© Reuters. FILE PHOTO: An office employee walks in front of the bank of Japan building in Tokyo, Japan, April 7, 2023. REUTERS/Androniki Christodoulou/File Photo

By Leika Kihara

KAGOSHIMA, Japan (Reuters) -Bank of Japan board member Seiji Adachi said it was too early to phase out ultra-loose monetary policy due to uncertainty over the price outlook, brushing aside expectations of an early tweak to its controversial yield curve control policy.

But minutes of the bank’s April meeting showed a number of board members warning of the side-effects of the policy and the risk of being too late in raising interest rates, highlighting a rift within the group on how soon the BOJ should follow global counterparts in phasing out stimulus.

Adachi, who is considered one of a handful of advocates of aggressive easing on the BOJ board, said risks to the price outlook were skewed to the downside long-term due to a weak global economic outlook.

“We’re seeing some changes in the public’s deflationary mindset, or the perception that prices won’t rise,” Adachi told business leaders in Kagoshima, southern Japan, on Wednesday.

“In a sense, we’re moving closer to achieving our price target. But there’s high uncertainty over our baseline inflation outlook, so it’s premature to tweak monetary policy,” he said.

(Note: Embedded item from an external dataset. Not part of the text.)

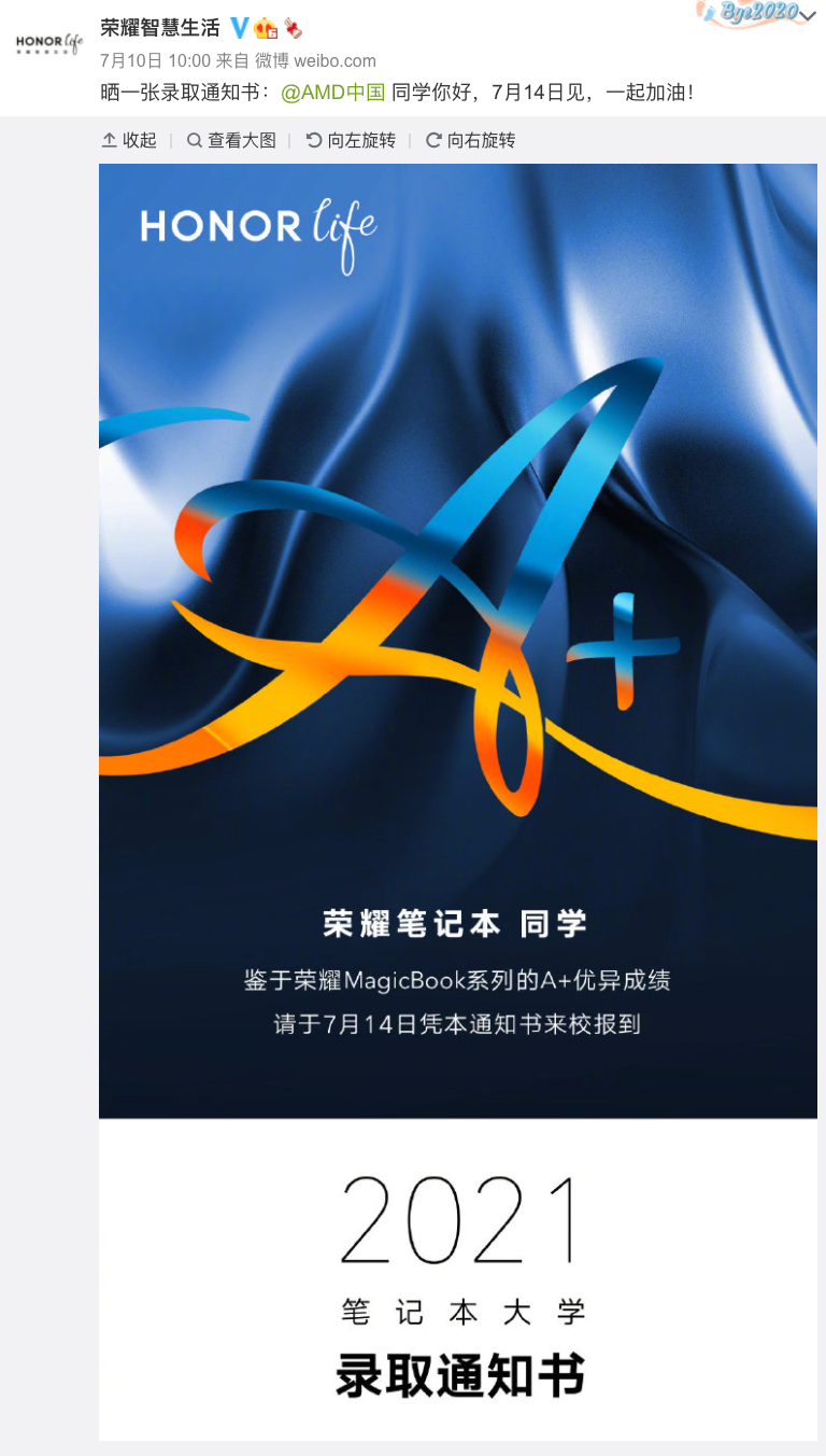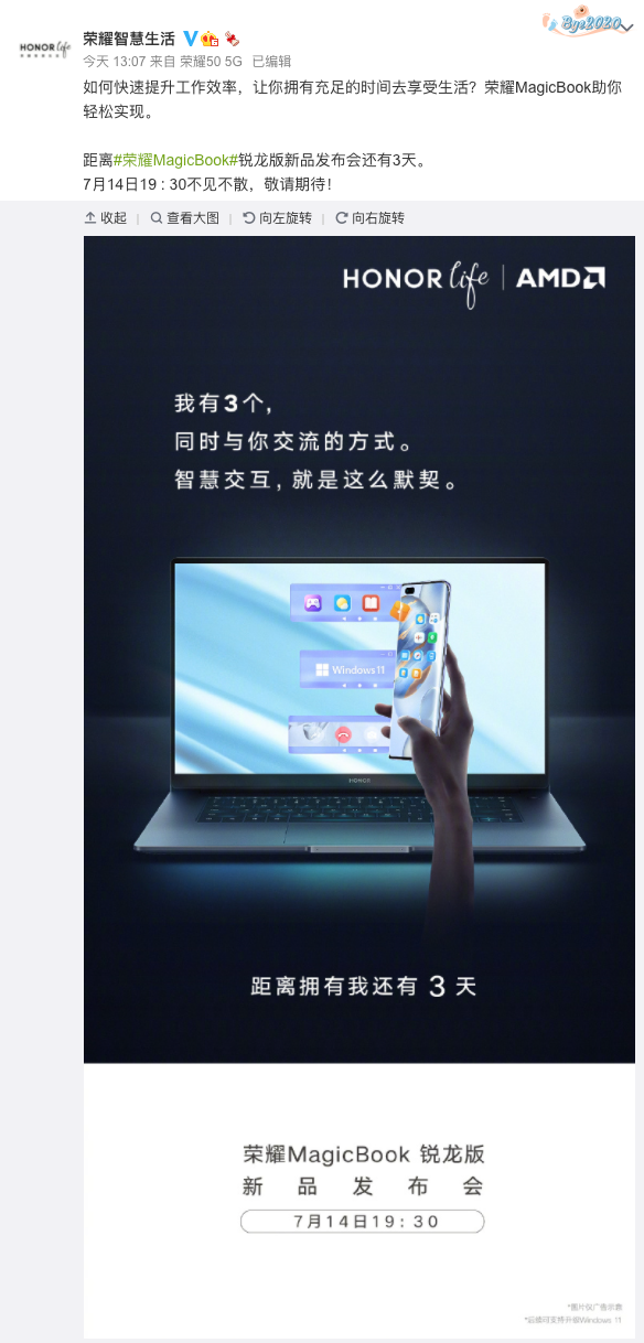 荣耀MagicBook系列的新款笔记本电脑,搭载AMD锐龙处理器,将于7月14日也就是下周三19:30发布

Japan’s core consumer inflation has stayed above the BOJ’s 2% target for more than a year and firms have offered pay hikes unseen in three decades this year, raising hopes the country is finally making a sustained exit from price stagnation.

That has kept alive market expectations the BOJ will soon tweak its yield curve control (YCC) policy, which has drawn criticism for distorting market pricing and crushing financial institutions’ profits.

Ueda has stressed the need to keep monetary policy ultra-loose until there is more evidence wages will keep rising next year, helping Japan sustainably hit his 2% inflation target.

At Ueda’s debut rate review in April, however, one member said the BOJ must ensure its policy “does not fall behind the curve,” as wages and inflation were already showing signs of accelerating, according to the minutes of the meeting.

Another member said the BOJ must avoid a situation where it had to make abrupt changes to interest rates, as that would cause huge disruptions to businesses accustomed to extremely low interest rates.

“The BOJ must humbly monitor price and wage developments, and respond not too quickly, but also not too slowly” the second member said.